Wie kann das sein? Das hat Gerd Kommer ganz gut analysiert: Die Rendite hängt ja davon ab, wie sich die Gewinne eines Unternehmens entwickeln. Das BIP hingegen setzt sich aus verschiedenen Komponenten zusammen – Unternehmensgewinne sind nur eine davon, aber die unsicherste, also risikoreichste.
Und da gilt wiederum der Grundsatz: Rendite ist die Belohnung dafür, dass du bereit bist, ein Risiko einzugehen. Mehr Risiko bedeutet höhere Belohnung.
justETF Tipp: Falls dir das noch komplett neu ist, dann schau dir unser Video zum Thema Risiko an, da erläutern wir den Zusammenhang genauer.
Es ist also nur logisch, dass sich die risikoreiche Komponente nicht vollkommen parallel zum BIP insgesamt entwickelt: Einerseits wird sich dann und wann das Risiko materialisieren und es gibt einen Einbruch – andererseits wird dieses Risiko höher belohnt. Aktienrenditen entwickeln sich auf lange Sicht also tendenziell besser als das BIP insgesamt.
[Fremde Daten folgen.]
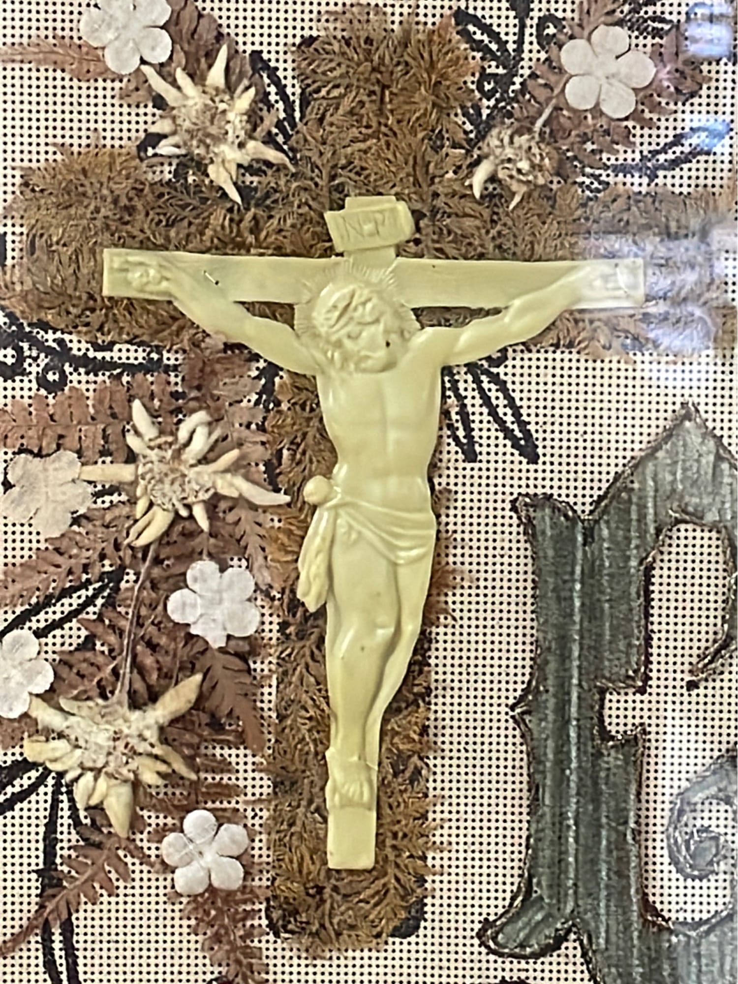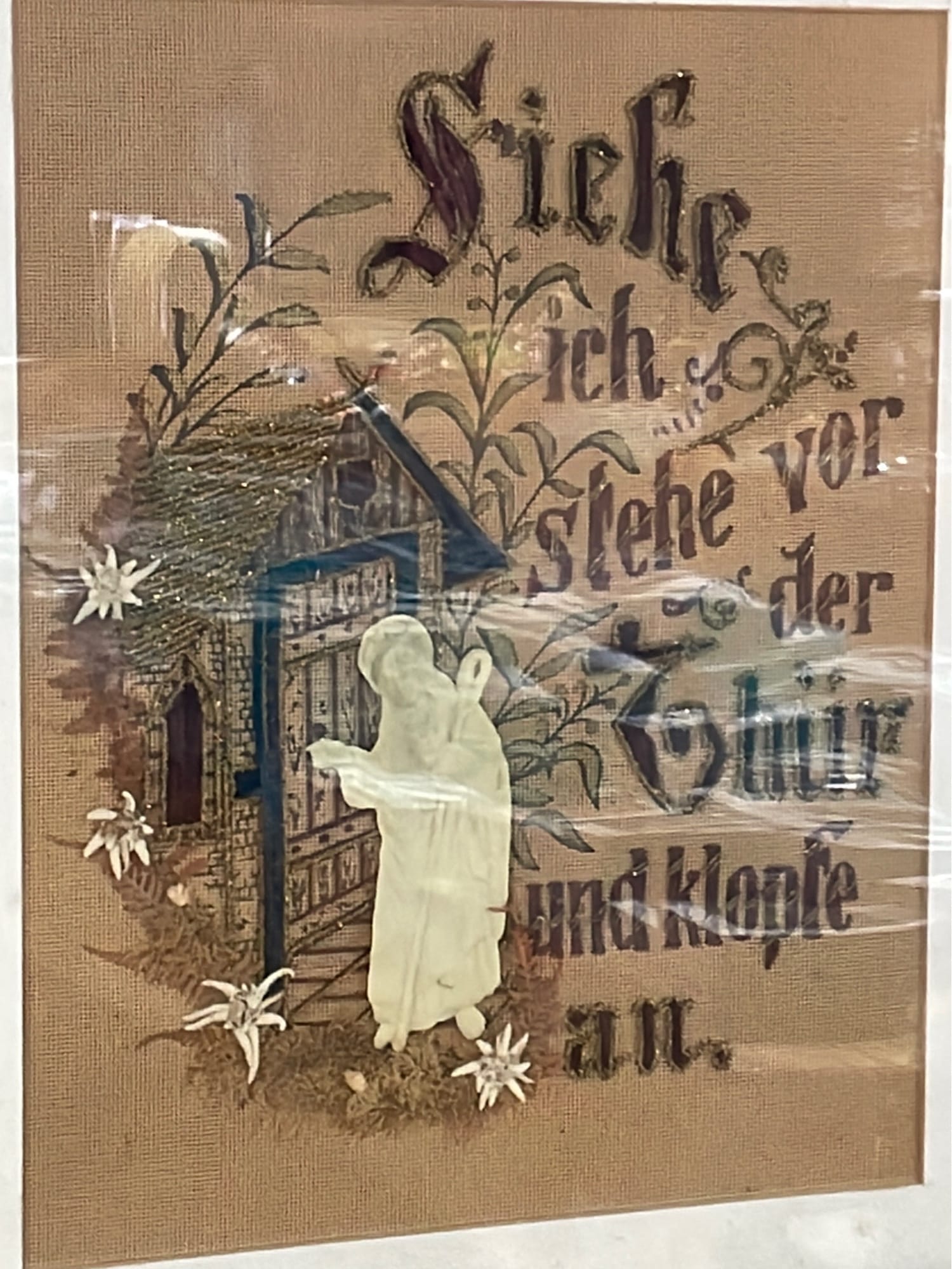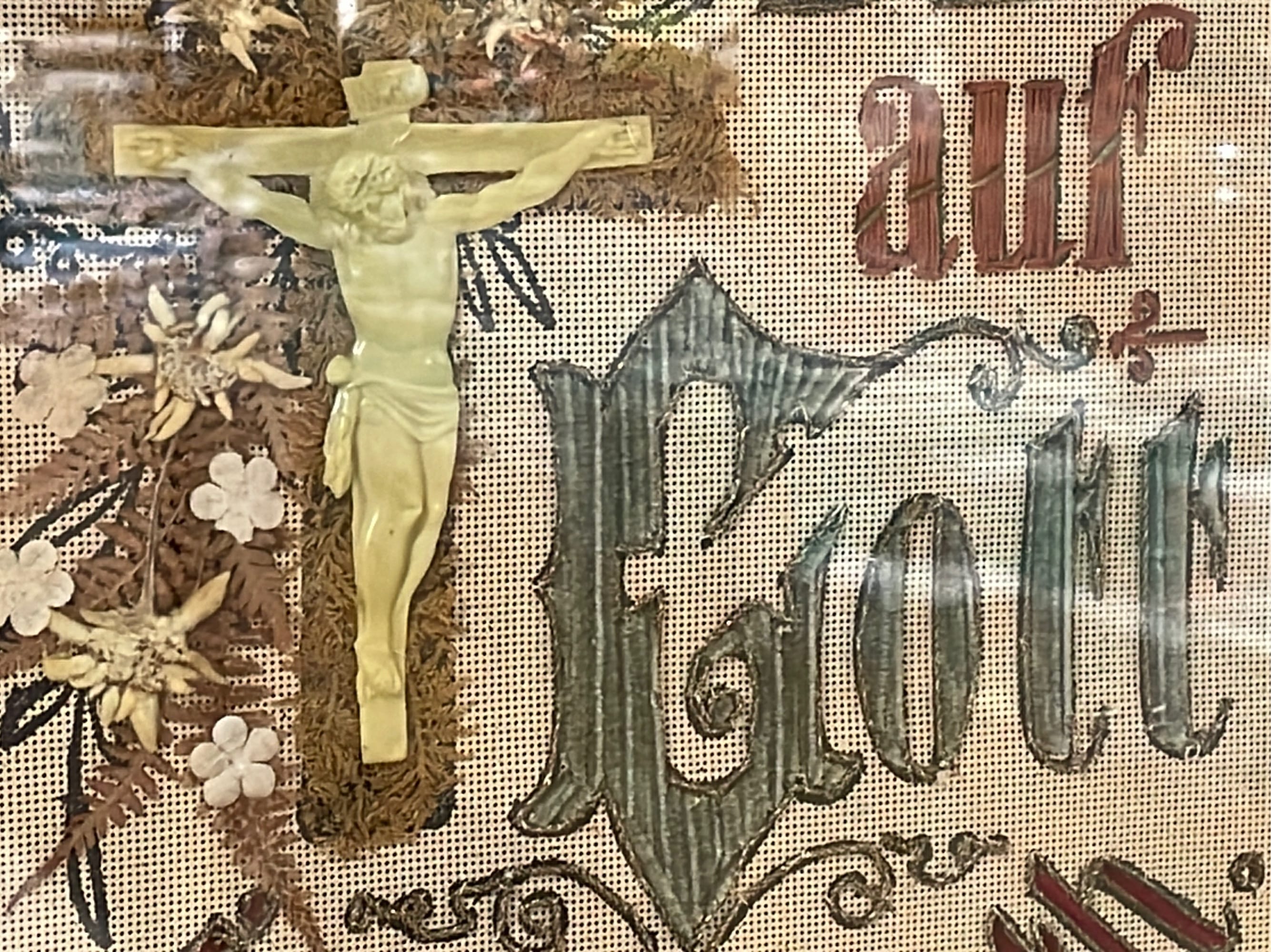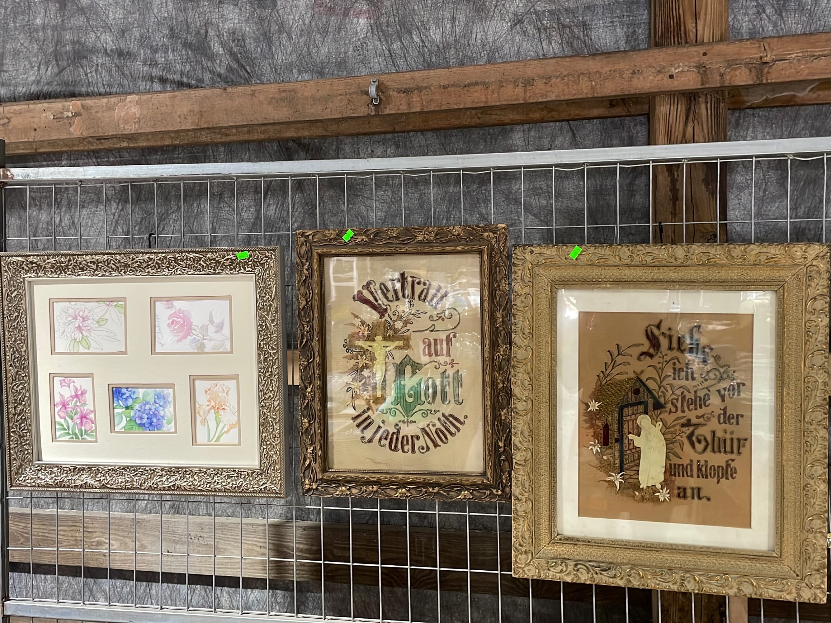 2051 (3) Framed Pictures: framed cards, religious collage (German), religious collage (German)

Hinzu kommt: Nicht alle Unternehmen, die zum BIP beitragen, sind auch börsennotiert. Die Grundgesamtheit ist also eine andere. Außerdem können Firmen die Rendite auch verbessern, indem sie Kosten senken und dadurch ihre Gewinnmargen vergrößern. Eine weitere Option sind Aktienrückkäufe, denn dadurch steigt der Wert pro Aktie.

Unser Fazit

Also: Die beste Chance auf dauerhaftes Wachstum hast du mit einem breit gestreuten Welt-ETF. Selbst wenn wir irgendwann in einer Welt ohne Wachstum leben würden – wie auch immer die aussehen mag – könnte so ein ETF theoretisch trotzdem weiter steigen.
Zumindest solange das Konzept ETFs, Aktien und Unternehmensbeteiligungen bestehen bleibt.